Belk improves its ability to forecast demand for specific merchandise


Success in retailing pretty much boils down to getting the right product to the right stores at the right time and at the right price. But time and again it has proven to be difficult to achieve in its entirety.

However, department store chain Belk has executed a formula that gets the right product to the right stores, reduces or eliminates out-of-stocks and increases sales and profitability — while reducing markdowns.

At the center of Belk’s allocation evolution is a multi-year, continuing relationship with SAS analytics and software systems, specifically its Size Optimization technology, which has enabled the Charlotte, N.C.-based retailer to predict future apparel sales and inventory requirements by size to individual stores.
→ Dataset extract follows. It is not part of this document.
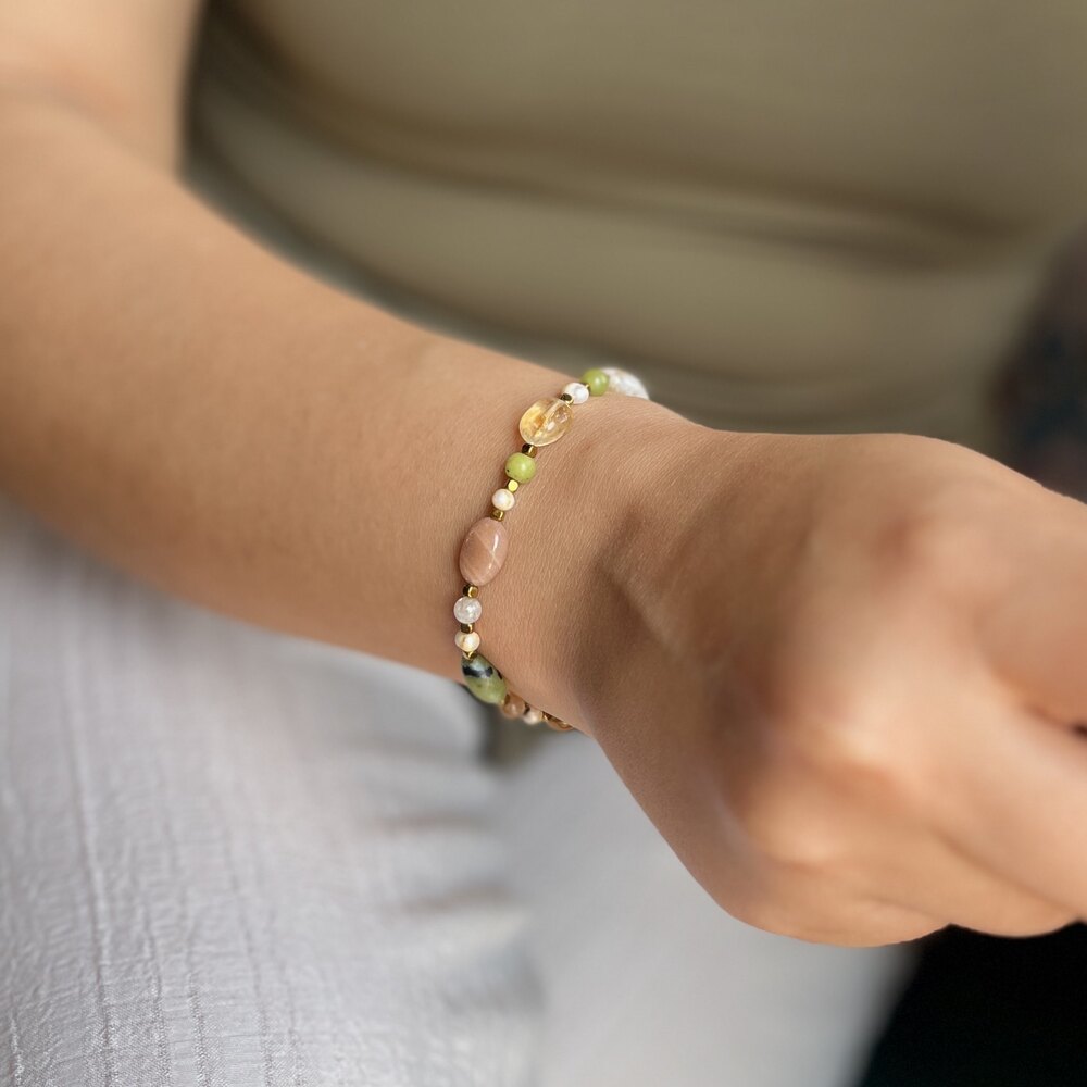 Yeşim’in huzuru, Sitrin’in neşesi, Güneş taşının cesareti ve Hematit’in kararlılığı bir araya geldiğinde, ortaya hem zarif hem de enerjisi dengeli bir bileklik çıkar. Bu bileklik, sadece görsel bir şıklık sunmakla kalmaz; ruhu besler, enerjiyi dengeler ve taşıyana içsel güç ile pozitif bir yaşam akışı armağan eder.

Belk has nearly 300 stores across 16 Southern states.

Powerful analytics developed by SAS determine the optimal case pack to meet demand for particular items and sizes. The system, combined with Belk’s significant computer systems upgrades, enables the intelligence for purchasing and allocation of sized items to multiple locations and, in the long term, lowers operating costs. The system can also be used to create unique profiles for each subclass of items within a department or for each vendor.


In the past, retailers were forced to determine an average size profile and apply it to all stores — a method that can negatively impact sales and profits and limit the opportunity to expand the customer base.
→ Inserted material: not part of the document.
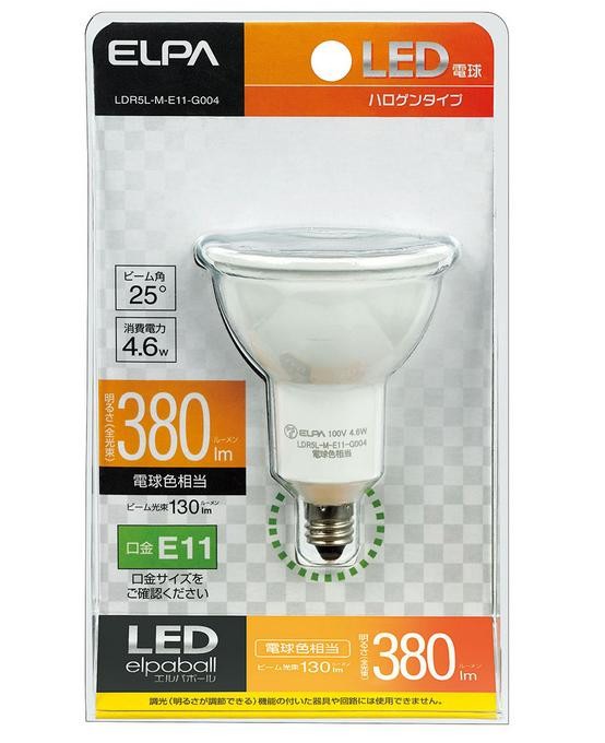 | 仕様 | ■光色:電球色相当 ■口金:E11 ■定格消費電力:4.6W ■定格入力電流:85mA ■定格寿命:約40000時間 ■全光束:380lm ■ビーム角:25度 ■ビーム光束:130lm ■中心光度:1100cd ■交流電源100V 50/60Hz共用 ■屋内用 |

Although getting sizing right by location, some retailers miss seasonal opportunities where size demands are different, according to SAS. This inevitably leads to consumer disappointment due to missing sizes. Moreover, SAS notes that poor sell-through due to a lack of size precision can inadvertently train consumers to delay their purchase (even when stores have the right sizes) because they know it will soon move to the markdown or clearance racks.
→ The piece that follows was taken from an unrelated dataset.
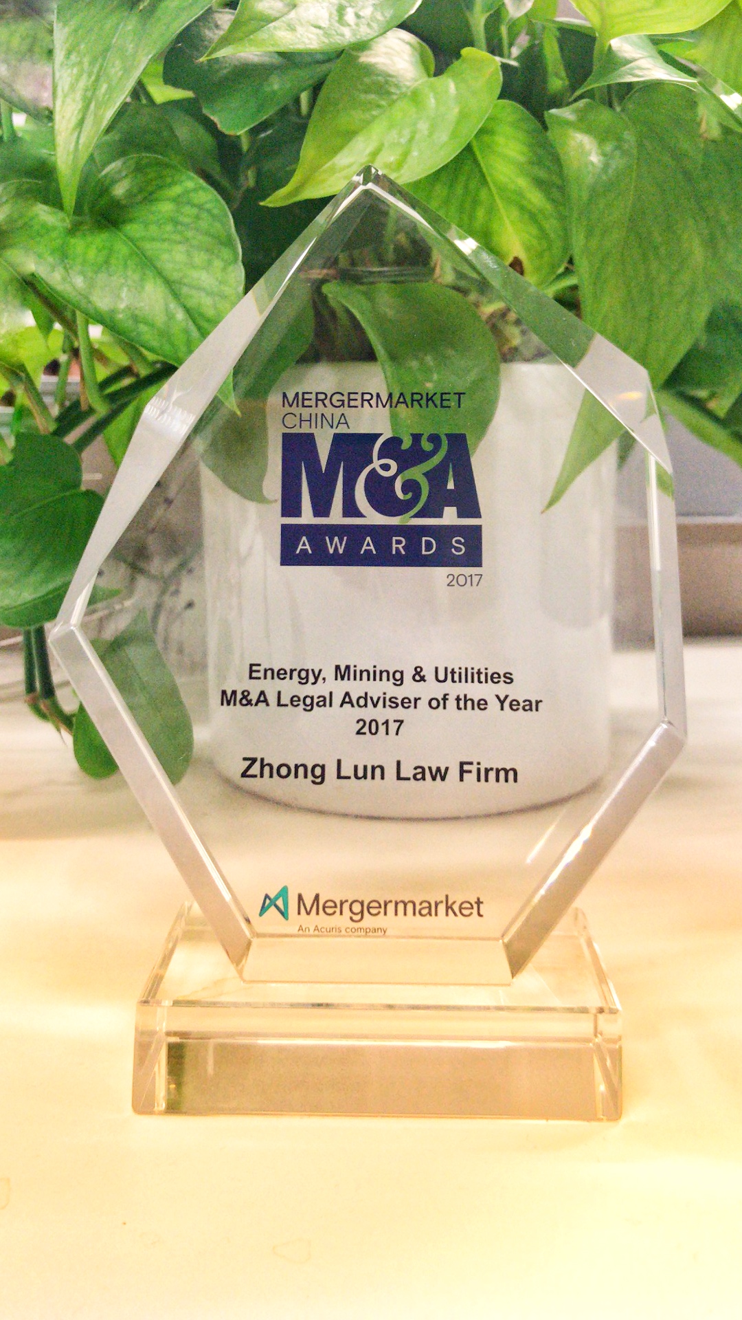 2017年10月19日,中伦律师事务所在Mergermarket 举办的首届中国企业并购论坛颁奖活动上,斩获“年度最佳能源、矿业和公共事业并购法律顾问(Energy, Mining & Utilities M&A Legal Adviser of the Year)”大奖。

“We’ve installed a lot of systems over the past seven years, but SAS’s Size Optimization tool was the most well received,” says Tim Carney, director of allocation.

“There’s always a change management component to anything you do. But this tool has been so fast and efficient in calculating optimization profiles for all our stores. It’s as close to artificial intelligence as you can get,” he says.

“The SAS optimization and analytics tool offers a sophisticated planning and ordering system that really allows us to maximize efficiency on our teams,” says Tom Nystrom, Belk senior vice president and general merchandising manager for men’s and kids. “Our associates are now working smarter and spending more time analyzing rather than inputting data, which ultimately improves our ability to satisfy customers.”

A key element in Belk’s success with SAS was the multimillion-dollar investment in upgrading its own systems, according to Carney, crediting the visionary leadership of Tim and Johnny Belk who strongly believed this had to be done if the chain was to compete effectively in an omnichannel world.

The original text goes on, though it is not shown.